Cotopaxi
- Type: Private benefit corporation
- Industry: Apparel
- Founded: 2014; 12 years ago
- Founder: Davis Smith and Stephen Jacob
- Headquarters: Salt Lake City, Utah, U.S.
- Products: Outdoor clothing and gear
- Website: cotopaxi.com

= Cotopaxi (company) =

Outdoor gear company

Cotopaxi is a Salt Lake City-based outdoor gear company known for colorful, sustainably made backpacks and jackets, adorned with a llama mascot.

== History ==
Cotopaxi was founded in 2014 by Davis Smith, Stephan Jacob and CJ Whittaker. The company took its name from a volcano in Ecuador, where Smith had spent time as a child. It was certified as a B corporation.

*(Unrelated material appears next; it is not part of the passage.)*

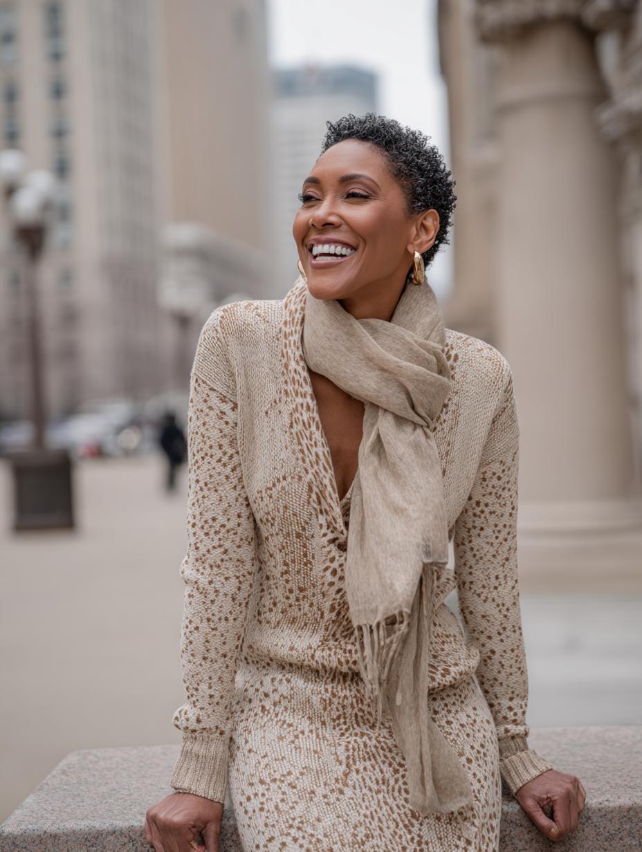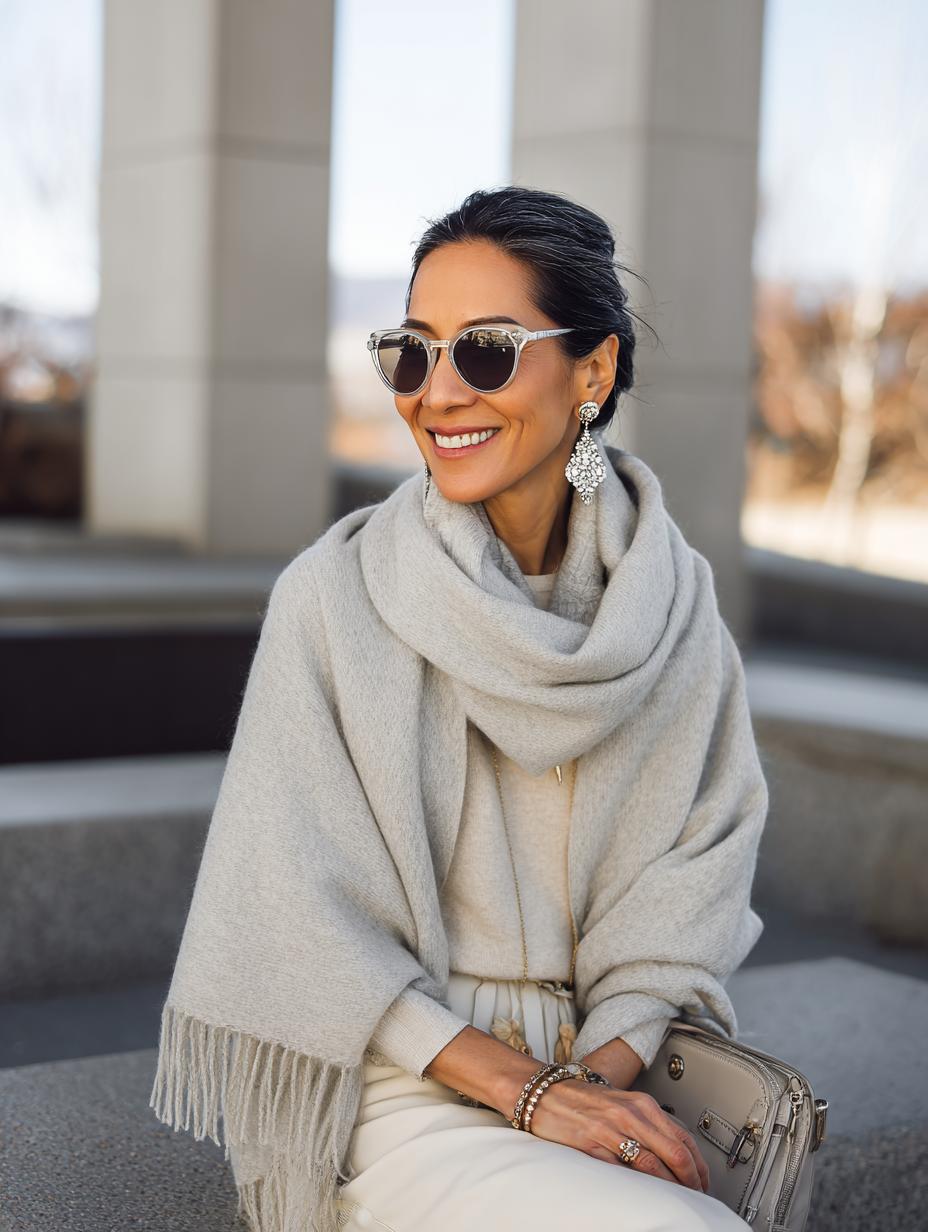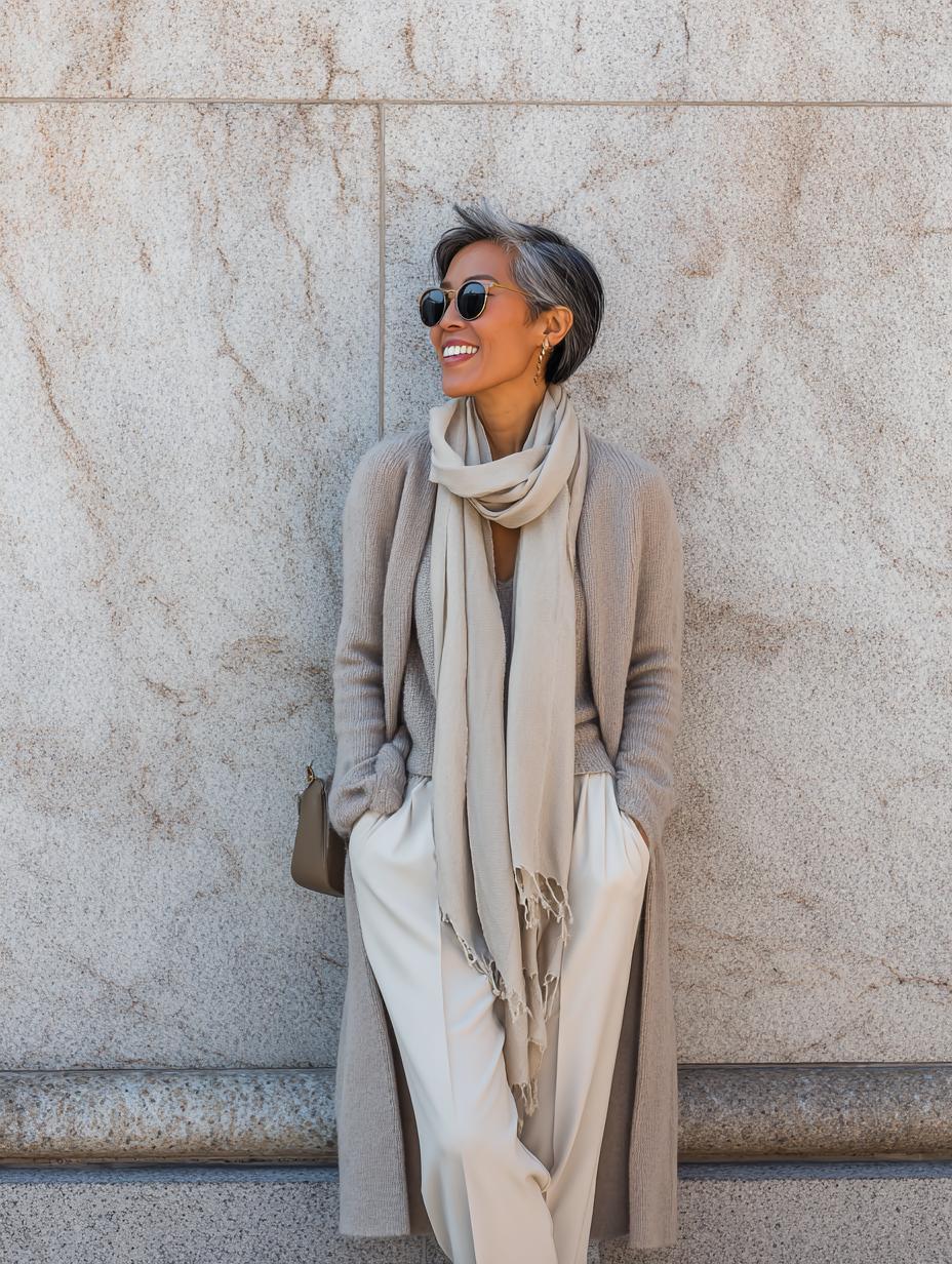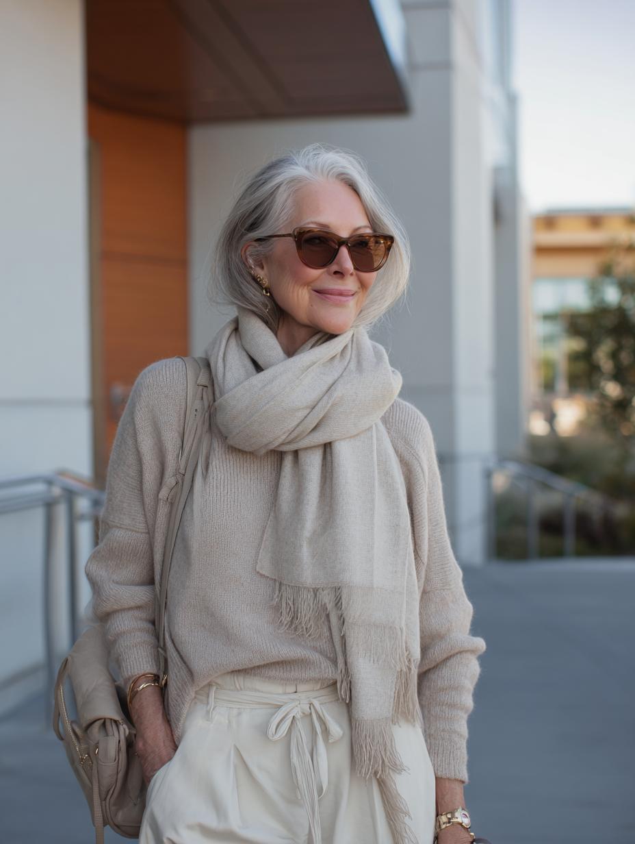 Luxurious cashmere knits paired with flowing wide-leg trousers create an effortlessly sophisticated statement. Silver hair becomes the ultimate accessory against this tonal beige palette, while tortoiseshell sunglasses add editorial polish. The oversized scarf transforms simple separates into investment-worthy luxury, proving that quiet elegance speaks louder than logos. Perfect for gallery openings or upscale brunch dates.
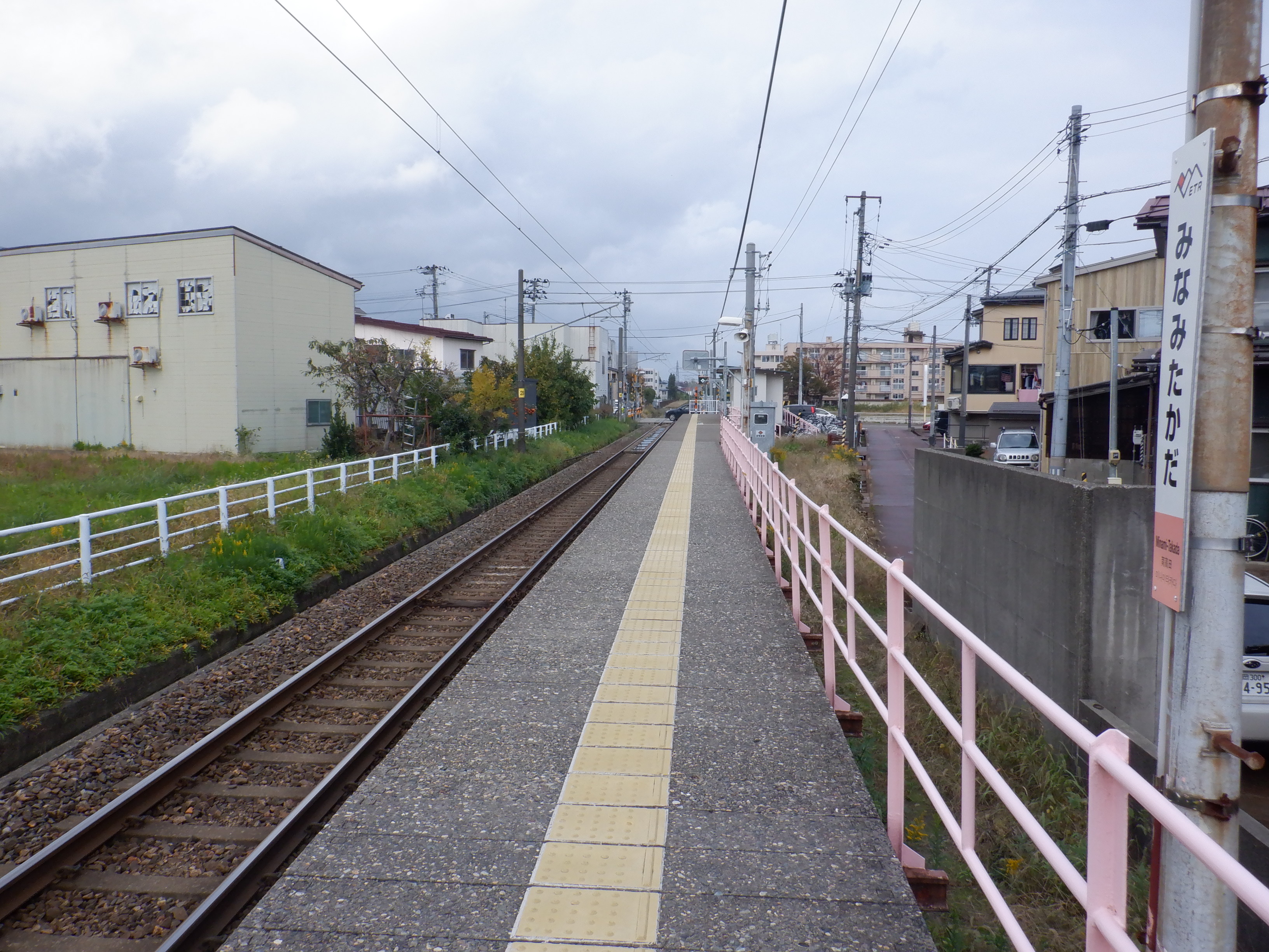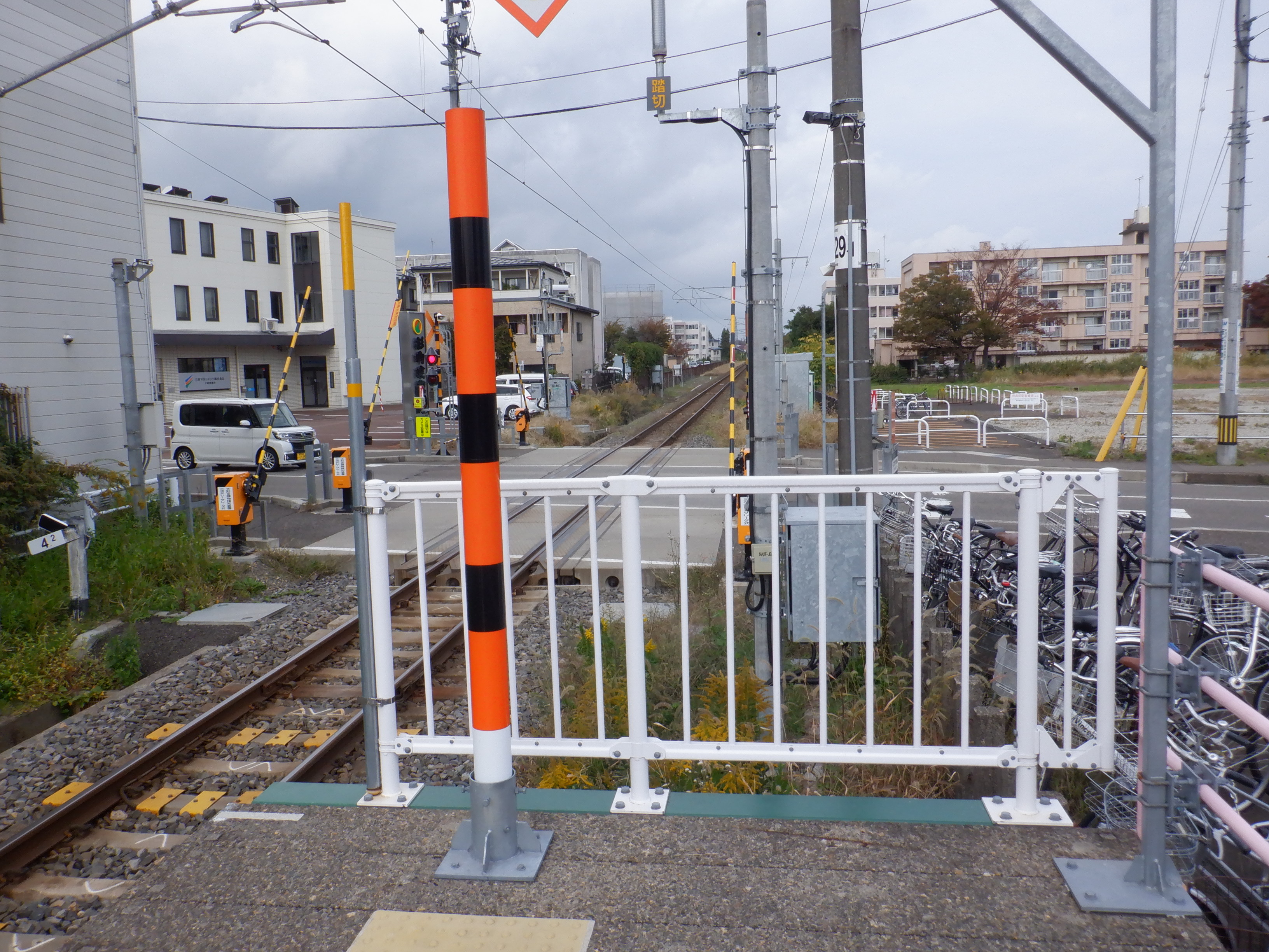 道路に出て駅を見たところと、そこから見た線路と反対側。

Range Light Ventures, now known as Ridgeline Ventures, led a 2016 funding round of $11.1 million for Cotopaxi. In 2021, the company announced a funding round of $45 million, which included Bain Capital.

== Leadership ==
Smith stepped down as CEO in 2023 to serve a three-year mission for The Church of Jesus Christ of Latter-day Saints in Recife, Brazil. He was replaced by Damien Huang. Huang left in 2024 and was replaced by Lindsay Shumlas, who had been serving as chief operation officer and chief financial officer for the company.